Sur l’article 700 du code de procédure civile et les dépens :
L’article 696 dispose que la partie perdante est condamnée aux dépens, à moins que le juge, par décision motivée, n’en mette la totalité ou une fraction à la charge d’une autre partie.
En vertu de l’article 700 du code de procédure civile, le juge condamne la partie tenue aux dépens ou qui perd son procès à payer à l’autre partie la somme qu’il détermine, au titre des frais exposés et non compris dans les dépens.

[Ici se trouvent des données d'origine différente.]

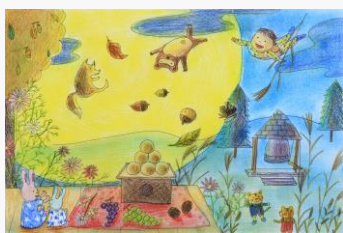
奏 「9月 お月見」 (12か月シリーズより)
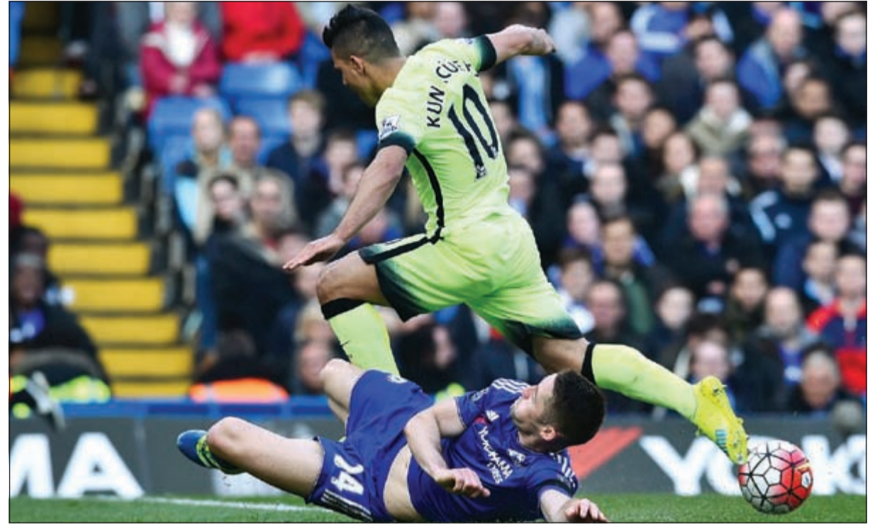
تجم مان سيتي سيرجيو أغويرو سجل «هاتريك»

Il conviendra d’infirmer la décision du premier juge en ce qu’il a condamné Mme [C] aux dépens et à verser à Mme [M] la somme de 400 euros, sur le fondement de l’article 700 du code de procédure civile. Succombant, Mme [M] sera condamnée à supporter les dépens de première instance et d’appel. Il serait inéquitable de laisser à Mme [C] la charge de ses frais non compris dans les dépens. Mme [M] sera condamnée à lui payer la somme de 2 000 euros sur le fondement de l’article 700 du code de procédure civile et sera déboutée de sa demande formulée à ce titre.
PAR CES MOTIFS :
La cour, statuant par arrêt contradictoire, par mise à disposition au greffe,
INFIRME le jugement entrepris en toutes ses dispositions ;
Statuant à nouveau et y ajoutant :
CONSTATE la validité du congé pour reprise, délivré le 28 juin 2021 ;
CONSTATE la résiliation du bail au 28 février 2022 minuit, date de prise d’effet du congé pour motif légitime et sérieux ;
CONSTATE en conséquence, que Mme [M] est devenue occupante sans droit ni titre des locaux loués ;
ORDONNE faute de départ volontaire, l’expulsion de Mme [D] des lieux loués, sis [Adresse 4] à [Localité 6] (06), avec au besoin l’assistance de la force publique et d’un serrurier, en application des articles L. 411-1, L. 412-1 à L. 412-6 du code des procédures civiles d’exécution, avec le concours de la force publique et d’un serrurier si nécessaire ;
FIXE le montant de l’indemnité d’occupation mensuelle d’un montant de 600 euros, à compter de la résiliation du bail, jusqu’à la libération des lieux ;
CONDAMNE Mme [M] à payer à Mme [C] la somme de 2 000 euros sur le fondement de l’article 700 du code de procédure civile ;
DÉBOUTE Mme [M] de sa demande formulée sur le même fondement ;
CONDAMNE Mme [M] aux dépens de première instance et d’appel.